Questions: Overfitting, Underfitting, and Model Capacity
5 questions to test your understanding
Score: 0 / 5
Question 1 Multiple Choice
A neural network achieves 99% accuracy on training data but only 61% accuracy on the held-out validation set. Which condition does this describe, and what is the most appropriate remedy?
AUnderfitting; increase model depth or add more input features
BOverfitting; the model has memorized training noise — apply regularization, dropout, or gather more training data
CUnderfitting; the training set is too small to represent the problem
DOverfitting; reduce training time by stopping after fewer gradient steps regardless of validation trend
The large train-validation gap (99% vs 61%) is the classic signature of overfitting: the model has learned the specific noise and idiosyncrasies of the training set rather than the generalizable pattern. The fix targets capacity versus data: add more training data (so there is less room for noise to dominate), apply regularization (constrain weights), or use dropout (prevent co-adaptation of neurons). Simply stopping early (option D) can help but is incomplete — the core issue is model capacity relative to data.
Question 2 Multiple Choice
While training a model, you plot training loss and validation loss over epochs. Training loss decreases steadily throughout; validation loss decreases for the first 30 epochs, then starts rising. What does this pattern indicate?
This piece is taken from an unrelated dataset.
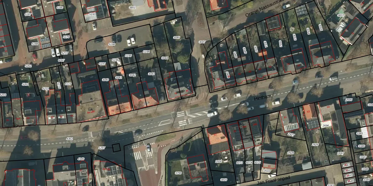 Het perceel waarop Hintham 80 staat heeft een oppervlakte van 392 m². Dit is een groot perceel. De perceeloppervlakte wordt geregistreerd door het Kadaster. Gedetailleerde informatie over de maten van dit perceel kunt u vinden in het rapport Kadastrale kaart met maatvoering van Hintham 80.

AUnderfitting — the model cannot learn the training data and is struggling
BIdeal convergence — both losses will eventually meet at a low value if training continues
CThe onset of overfitting — after epoch 30 the model begins memorizing noise, harming generalization
DA bug in validation loss calculation — valid loss cannot rise if training loss is still falling
This divergence pattern is the definitive signature of overfitting in progress. Up to epoch 30, the model is extracting real patterns that generalize — both losses improve. After that, the model is fitting the noise unique to the training set; training loss keeps dropping (better memorization) while validation loss rises (worse generalization). Epoch 30 is the sweet spot — the point of best generalization before memorization dominates. Techniques like early stopping use exactly this signal.
Question 3 True / False
A model that achieves low training error and low validation error, with a small gap between them, has achieved well-matched capacity for the problem.
TTrue
FFalse
Answer: True
Low and similar errors on both training and validation data indicate the model has learned patterns that generalize: it neither memorizes noise (which would inflate the train-validation gap) nor oversimplifies (which would leave both errors high). This is the diagnostic target — the training-validation gap is the key signal for diagnosing capacity problems.
Question 4 True / False
A model with very high training error is almost certainly overfitting the training data.
TTrue
FFalse
Answer: False
High training error indicates underfitting — the model cannot capture patterns even in the data it was trained on. Overfitting requires the opposite: the model fits the training data very well (low training error) but fails to generalize (high validation error). The confusion arises because both are 'failure modes,' but they point in opposite directions: overfitting is too much capacity, underfitting is too little. The distinction is critical because they call for opposite remedies.
Question 5 Short Answer
Why does achieving low training error fail as a sufficient criterion for evaluating a machine learning model?
Think about your answer, then reveal below.
Model answer: Low training error can be achieved by memorizing the training data rather than learning the underlying pattern. A sufficiently complex model can fit any finite dataset perfectly — including its noise and measurement artifacts — while making nonsensical predictions on new data. Validation error on held-out data is required because it exposes whether the model generalizes: a model that truly learned the pattern will perform well on examples it has never seen, while a memorized model will not.
This is the fundamental distinction between memorization and generalization. The entire discipline of model evaluation exists because training performance is a necessary but wildly insufficient indicator of real-world performance. Every production ML workflow requires a held-out test set precisely because training performance tells you how well the model knows the training set, not how well it understands the problem.